We showed that constitutively expressed EGFP can be used to observe
virulent bacteria in undisturbed plant leaves by wide-field and two-photon
fluorescence microscopy (TPM). TPM allows visualization of GFP reporter bacteria
in three dimensions. However, a depth limitation was found to be around 40 µm - 60
µm beneath the leaf epidermis. Leaf is an inherently thick specimen with uneven
surface. It is abounded of pigments that shield excitation light restricting light
penetration into limited depth. And vice versa, GFP fluorescence is reabsorbed on the
way back to the detector. Another complication is the auto-fluorescence background
or noise from the environment where reporter bacteria are to be analyzed. We showed
that green auto-fluorescence induced by blue light is very weak comparing to bright
reporter bacteria. However, specific green auto-fluorescence excited by blue light was
increased in leaves infected by avirulent pathogen. The auto-fluorescence signal was
distinguish from GFP fluorescence using micro-spectro-fluorometry.
The pathogen was observed in susceptible and resistant plant environment in
different infection stages. The population of the avirulent pathogen decreases in the
resistant cultivar in contrast to virulent bacteria that multiplied to high population
density in susceptible cultivar.
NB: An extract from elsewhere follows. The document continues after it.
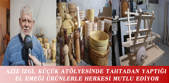 AZİZ İZGİ, KÜÇÜK ATÖLYESİNDE TAHTADAN YAPTIĞI EL EMEĞİ ÜRÜNLERLE HERKESİ MUTLU EDİYOR

Therefore the use of GFP fluorescence can serve as a
real-time in situ reporter of population dynamics in planta that would obviate labor
intensive and time consuming traditional enumeration techniques.
82
3. Chlorophyll fluorescence imaging, a tool for early
pathogen detection
Sources:
Matous K., Benediktyova Z., Berger S., Roitsch T. and Nedbal L. (2006) Case study
of combinatorial imaging: What protocol and what chlorophyll fluorescence image to
use when visualizing infection of Arabidopsis thaliana by Pseudomonas syringae?
Photosynthesis Research 90: 243-253
Berger S., Benediktyova Z., Matous K., Bonfig K., Mueller M., Nedbal L. and
Roitsch T. (2007) Visualization of dynamics of plant-pathogen interaction by novel
combination of chlorophyll fluorescence imaging and statistical analysis: differential
effects of virulent and avirulent strains of P. syringae and oxylipins on A. thaliana.
Journal of Experimental Botany 58 (4): 797-806
Motivation:
Since the beginning of human civilization, plant diseases have had a
catastrophic impact on well-being of our population. Nowadays, the increasing
population and receding agricultural land make all approaches to rescue the world
food supply important. Simple protection of crop from diseases can improve
agricultural production. Although, pesticides can successfully control many diseases,
their excessive use can have an adverse effect on human health (Alavanja et al. 2004).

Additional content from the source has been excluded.